How does the human brain seamlessly integrate internally-oriented (mnemonic) and externally-oriented (perceptual) information? This question has long puzzled neuroscientists, given the traditional view that internally-oriented networks like the default network (DN) and externally-oriented networks like the dorsal attention network (dATN) are globally competitive and implement distinct neural codes. Our research challenges this perspective, revealing a surprising role for the brain’s foundational external visuospatial code, retinotopic coding, in structuring interactions between these internally- and externally-oriented networks. Using advanced neuroimaging techniques, I show that retinotopic coding extends beyond visual areas into higher-order brain regions, including the DN and dATN. Moreover, this retinotopic code identified during visual tasks scaffolds the spontaneous opponent interaction between these networks during resting-state fMRI. Finally, the retinotopic code integrates with the domain-specific preferences of subregions within these networks, enabling efficient, parallel processing of retinotopic and categorical information during resting-state fMRI, as well as during visual perception and memory tasks. These findings suggest that retinotopic coding serves as a fundamental organizing principle for brain-wide communication that structures the dynamic interaction between perceptual and mnemonic systems. This work offers a new framework for understanding how the brain balances and integrates internal cognition with external perception, with implications for our understanding of attention, perception, and memory processes.
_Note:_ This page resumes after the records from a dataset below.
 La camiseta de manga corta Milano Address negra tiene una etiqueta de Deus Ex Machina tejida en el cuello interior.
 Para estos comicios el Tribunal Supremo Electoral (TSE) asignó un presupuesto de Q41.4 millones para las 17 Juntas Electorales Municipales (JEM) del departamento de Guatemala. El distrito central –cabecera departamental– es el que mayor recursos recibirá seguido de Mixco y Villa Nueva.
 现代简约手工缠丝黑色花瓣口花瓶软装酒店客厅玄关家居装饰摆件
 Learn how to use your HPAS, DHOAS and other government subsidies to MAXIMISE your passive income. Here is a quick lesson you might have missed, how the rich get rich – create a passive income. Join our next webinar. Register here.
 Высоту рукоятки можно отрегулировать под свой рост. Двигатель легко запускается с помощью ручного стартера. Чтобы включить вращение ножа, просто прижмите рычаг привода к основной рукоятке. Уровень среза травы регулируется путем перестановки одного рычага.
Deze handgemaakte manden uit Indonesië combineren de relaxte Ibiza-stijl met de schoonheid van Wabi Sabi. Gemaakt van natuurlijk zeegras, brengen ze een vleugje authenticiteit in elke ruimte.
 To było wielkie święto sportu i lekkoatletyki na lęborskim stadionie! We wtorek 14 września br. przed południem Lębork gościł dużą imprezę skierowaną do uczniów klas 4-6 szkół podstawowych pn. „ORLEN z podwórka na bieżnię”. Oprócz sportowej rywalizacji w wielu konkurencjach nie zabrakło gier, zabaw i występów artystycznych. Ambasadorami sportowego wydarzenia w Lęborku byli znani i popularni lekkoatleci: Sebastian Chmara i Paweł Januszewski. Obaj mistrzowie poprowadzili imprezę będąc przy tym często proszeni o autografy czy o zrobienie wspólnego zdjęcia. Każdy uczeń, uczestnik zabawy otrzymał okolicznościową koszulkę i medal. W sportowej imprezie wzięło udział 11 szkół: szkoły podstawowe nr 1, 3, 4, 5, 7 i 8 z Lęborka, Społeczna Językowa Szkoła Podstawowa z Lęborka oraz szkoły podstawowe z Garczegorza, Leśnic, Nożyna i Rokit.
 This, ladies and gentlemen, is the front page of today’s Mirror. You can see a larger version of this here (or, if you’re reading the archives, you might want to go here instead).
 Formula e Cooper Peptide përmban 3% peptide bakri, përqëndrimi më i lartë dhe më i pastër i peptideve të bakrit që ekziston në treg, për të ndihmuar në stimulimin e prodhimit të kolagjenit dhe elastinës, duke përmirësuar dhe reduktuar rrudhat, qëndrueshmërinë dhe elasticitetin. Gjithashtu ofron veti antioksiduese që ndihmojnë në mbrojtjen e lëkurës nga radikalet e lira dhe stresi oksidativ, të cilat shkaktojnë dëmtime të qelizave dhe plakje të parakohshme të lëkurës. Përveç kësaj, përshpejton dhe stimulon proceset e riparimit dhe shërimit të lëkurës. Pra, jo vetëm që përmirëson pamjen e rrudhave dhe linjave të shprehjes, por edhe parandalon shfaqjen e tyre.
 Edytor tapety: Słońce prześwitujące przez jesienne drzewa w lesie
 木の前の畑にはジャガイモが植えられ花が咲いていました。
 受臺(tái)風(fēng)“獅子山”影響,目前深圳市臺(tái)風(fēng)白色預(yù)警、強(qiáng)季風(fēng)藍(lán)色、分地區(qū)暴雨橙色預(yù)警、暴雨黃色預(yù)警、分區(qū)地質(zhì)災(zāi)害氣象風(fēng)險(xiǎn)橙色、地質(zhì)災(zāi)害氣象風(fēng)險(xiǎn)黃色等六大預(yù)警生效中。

How ongoing spontaneous brain activity influences conscious visual perception

Biyu He¹; ¹New York University

Preexisting brain states wield powerful influences on conscious perception. Depending on the preexisting brain state at the time of stimulus arrival, a physically identical stimulus may be consciously perceived or not, a visual object may be consciously recognized or not, and we may perceive something that is not out there. Preexisting brain states include both anatomical connections shaped by past experiences and the moment-to-moment fluctuations in spontaneous brain activity. In this talk, I will discuss our recent work investigating the role of spontaneous activity in shaping conscious visual perception in humans. Employing 7 Tesla fMRI and a threshold-level visual perception task, we observed that prestimulus activity originating from distributed brain regions, including visual cortices and regions of the default-mode and cingulo-opercular networks, exerts a diverse set of effects on the sensitivity and criterion of conscious recognition, and categorization performance. We further elucidated the mechanisms underlying these behavioral effects, revealing how prestimulus activity modulates multiple aspects of stimulus processing. In addition, I will discuss our work using MEG to dissect the electrophysiological and frequency-domain signatures of perceptually relevant spontaneous activity.